Check out regularization techniques

Familiarise yourself with regularisation techniques Lasso and Ridge are great, which is L1 and L2 norm.

But you also want to check for dropout, noise injection, and data augmentation as well.

Learning Rate Scheduler

Always use a learning rate scheduler, something like ReduceLROnPlateau in Keras, where automatically when your validation is plateauing, the learning rate is decreased.

That way you find like a basin in your loss, well, loss landscape.

And then you focus in by going smaller in your learning rate.

On Pytorch and Tensorflow.

Don't overfit by hand

Be aware that you can actually overfit your model by hand.

If you test against your test set multiple times, you are actually overfitting by hand.

So only test on the test set once, and otherwise reshuffle your entire data and start anew.

Create decorrelated validation and test sets

Correlated in space

Your data is probably correlated in some way.

Time series are correlated in time because things that are closer to each other in time are more important to each other, inform each other more.

And spatial data is well, things that are actually closer, not just closer in time to each other, are more important.

And if you want to have a proper test and validation, you have to decorrelate your test and correlation set as much as you can.

Create Tensors on device

And I actually have a small ebook that I give away with my newsletter, which is going to be in the description, where I talk about more of this.

If you want to speed up your training, then create tensors directly on the device with the device keyword, instead of using the method dot CUDA.

size = (12, 23, 34)
torch.rand(size).cuda()

versus

size = (12, 23, 34)
torch.rand(size, device=torch.device("cuda"))

Fix all randomness for publication

For publication of your code and everything reporting you'll want to read the documentation about reproducibility, because there's always going to be that one source of randomness that you forget to make deterministic.

Visualize your training

Always use plots of your training and your convergence, because that way you can actually, well, you can see how it's doing and where there are plateaus and everything.

Tools like MLflow and Weights & Biases will create those automatically.

Compare models with AIC

Always use statistics to compare your models, like the AIC or Akaike information criterion are great to see which models are actually outperforming the others.

Publish your model weights

Publish your model weights.

That way you enable comparisons.

People can actually build on your solution and possibly even benchmark against it.

Look at your outputs

Better numbers are great, but consider that you always have to look at your actual output data.

Models sometimes find loopholes and they just, well, the outputs are just garbage, and you want to see that.

Don't just trust the numbers, always inspect the actual outputs.

Huber loss

In physical systems, try the Huber loss.

The Huber loss actually is linear on the sides, and it is still convex in the middle.

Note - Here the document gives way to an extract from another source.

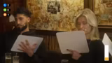 01:25:36Das Quizformat wechselt zu Multiple-Choice-Fragen. Die erste Frage nach dem Fußballverein von Ed Sheeran wird im Chat recherchiert, und Henke hat den richtigen Tipp. Bei der Frage nach dem Bauhausstil erhält Merle ihren ersten Punkt. Die Frage nach dem EU-Song wird kontrovers diskutiert; Henke nutzt seinen Telefonjoker und trifft mit 'Ode an die Freude' korrekt. Ein Faktencheck zur ersten YouTube-Persönlichkeit mit 100 Millionen Abonnenten (T-Series vs. PewDiePie) sorgt für Verwirrung, wird aber zugunsten von Henke entschieden und der Punktestand korrigiert.

It comes from information theory, and it works really great on systems that work over large scales. So, physical data.

Read more here.

Trust domain scientists

Every field that you work in is going to have some assumptions that don't hold under scrutiny.

They are usually born out of- They are usually born out of smaller data and smaller compute.

However, as a foreigner to the field, like data scientist that isn't a domain scientist, you are very unlikely to actually find those.

So it is safe to assume that assumptions that domain experts make about their data and their field hold true.

Don't believe all old ML wisdom

Don't believe machine learning wisdom.

Don't believe all machine learning wisdom.

A lot of ancient wisdom has been gained through decades, and, well, is often on bad validation. Smaller neural networks that don't have the types of regularisation that we have this day.

And yeah, also we are much better with our optimizers with all the standards that we have now.

We actually know now that machine learning is actually really good on noise or noisy data. We use ML to correct models where we already know the signal for the noise.

So don't take every old wisdom for granted.

A lot of them, you definitely have to take with a grain of salt.